Where did the infamous story of Dracula come from?
In anticipation of our east coast premiere of the ballet this November, we delved into the history to find out.

— When London-born Bram Stoker wrote Dracula in the late 1800s, it’s doubtful a ballet adaptation was front of mind. 

The evolution of the gothic tale dates back to the summer of 1890 when a young Bram began research for his novel. He took his young family by train to Whitby, England, on the Yorkshire coast, where they explored the region and watched the Water Fete. Solo, more ominous ventures included a walk around the graveyard where he transcribed more than 90 graves, and a visit to the Whitby Subscription Library, signing the visitor’s register and consulting several books and maps. One rare book mentioned a 15th-century prince called Vlad Tepes who was said to have impaled his enemies on wooden stakes. He was known as Dracula – the ‘son of the dragon’.

From the museum, he visited Whitby Harbour and the site of a famous shipwreck of a Russian vessel called the Dmitry, from Narva, which had carried a cargo of silver sand. For his novel, he rearranged the name to Demeter from Varna that carries Dracula to Whitby with a cargo of silver sand and boxes of earth. It took Bram Stoker six years to complete the infamous Dracula, finally publishing it in 1897. He converted it into a play called Dracula, or the Un-Dead the same year, and from the 19th to the 21st centuries it has been adapted countless times into theatre productions, films, musicals, books, opera, TV shows, games, and ballets.

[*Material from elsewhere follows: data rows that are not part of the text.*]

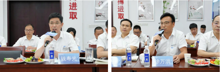 數智化制造總監錢壽光作數字化推進實施情況發言,股份公司副總監徐萬洪作產品戰略實施情況發言。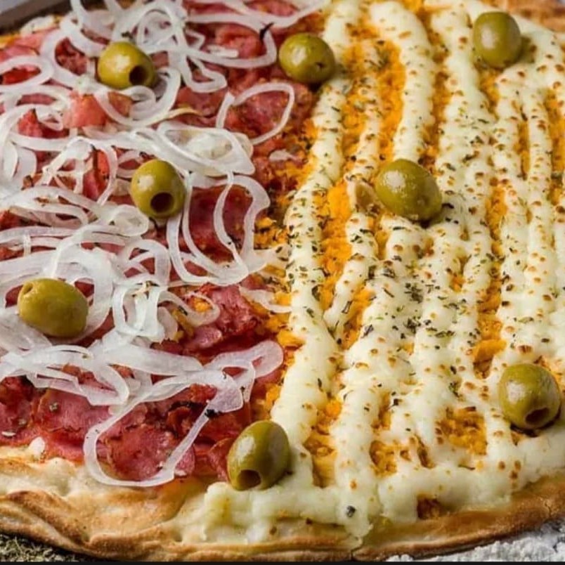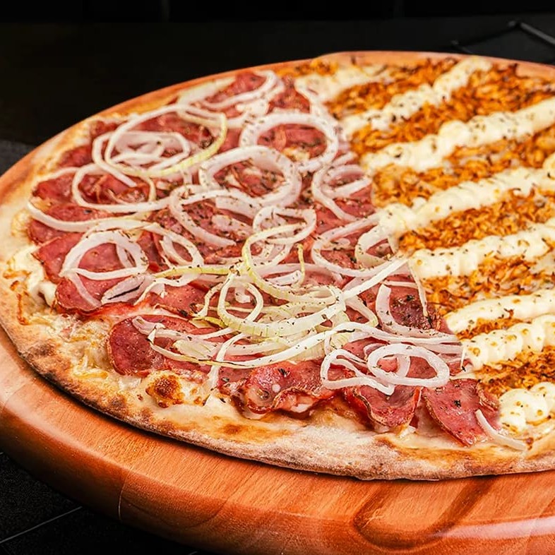 Massa tradicional, molho artesanal de tomate, mussarela e recheio a sua escolha com ingredientes selecionados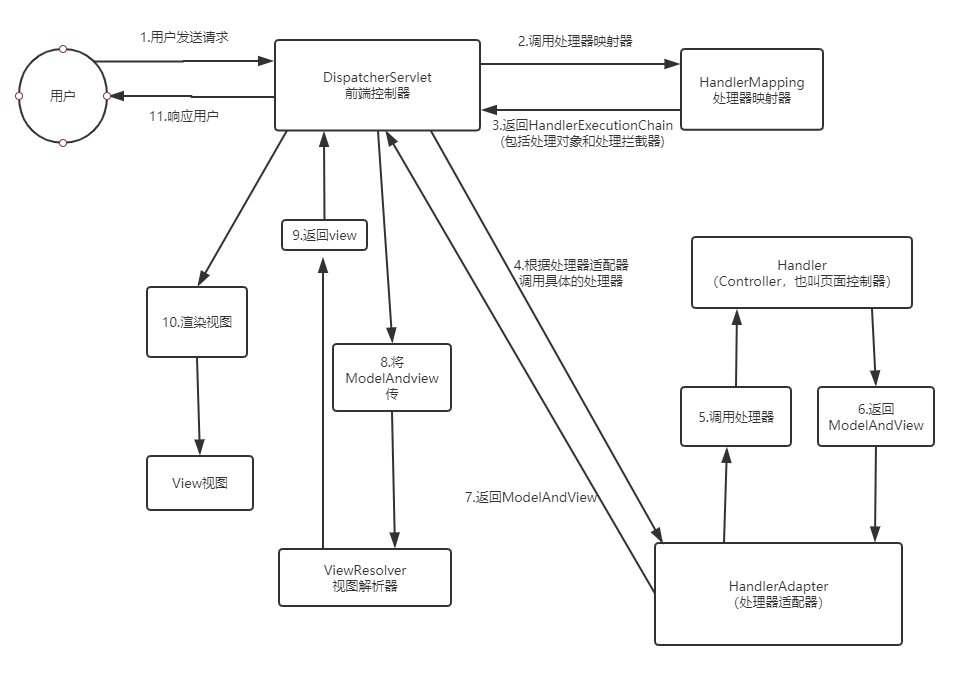- DispatcherServlet将ModelAndView传给ViewResolver视图解析器;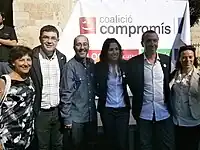 Coalició Compromís (CCPV; «Coalición Compromiso» en español), más conocido simplemente como Compromís, es un partido político español inscrito en el Registro de Partidos Políticos del Ministerio del Interior desde el 10 de junio de 2010.[9] De facto, este partido tiene carácter meramente instrumental, siendo empleado como herramienta para la gobernanza de la coalición Compromís:Més-Iniciativa-VerdsEquo (denominada hasta 2023 Compromís:Bloc-Iniciativa-VerdsEquo), que ha concurrido a las elecciones a las Cortes Valencianas celebradas desde el año 2010.[10][11]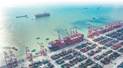 6月8日,繁忙的廣州南沙港集裝箱碼頭。

In contrast to many adaptations in popular culture, Queensland Ballet and West Australian Ballet’s co-production of Dracula focuses on the intense love and passion aspect of the medieval-inspired masterpiece.

It was pitched to Polish choreographer Krzysztof Pastor in 2017 by West Australian Ballet (WAB) Artistic Director Aurélien Scannella, and he found further inspiration in the music by Polish composer Woljciech Kilar, a highly respected symphonic composer who had also delved into film with his score for Francis Ford Coppola’s Dracula. But ultimately, he was drawn into the idea of a macabre love story.

“I wanted to make a piece about love basically. It’s about a passion which is so incredible, it hurts,” Krzysztof says. 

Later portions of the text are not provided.